* TASK DETAILS:
For the copy, please give all of the data again exactly and leave the pictures out.

* AVAILABLE DATA:
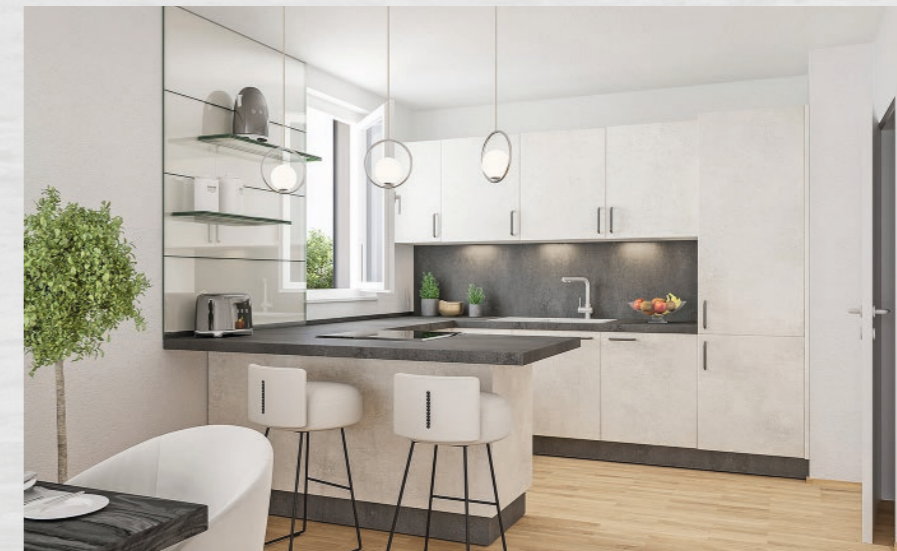
Abbildung oben: Die Einbauküche mit Geräten namhafter Hersteller.

Alle Illustrationen sind künstlerische Darstellungen – die Abbildungen können Abweichungen zum tatsächlich realisierten Gebäude aufweisen. Die dargestellten Möbel, die Beleuchtung und alle Accessoires sind nicht Bestandteil des Angebots.
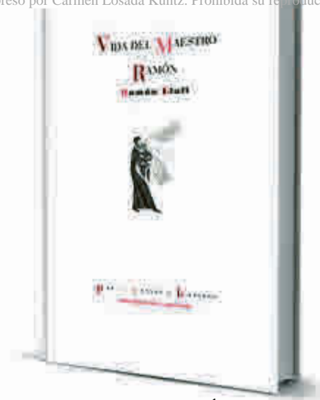
VIDA DEL MAESTRO RAMÓN

* SOLUTION:
Abbildung oben: Die Einbauküche mit Geräten namhafter Hersteller.

Alle Illustrationen sind künstlerische Darstellungen – die Abbildungen können Abweichungen zum tatsächlich realisierten Gebäude aufweisen. Die dargestellten Möbel, die Beleuchtung und alle Accessoires sind nicht Bestandteil des Angebots.
VIDA DEL MAESTRO RAMÓN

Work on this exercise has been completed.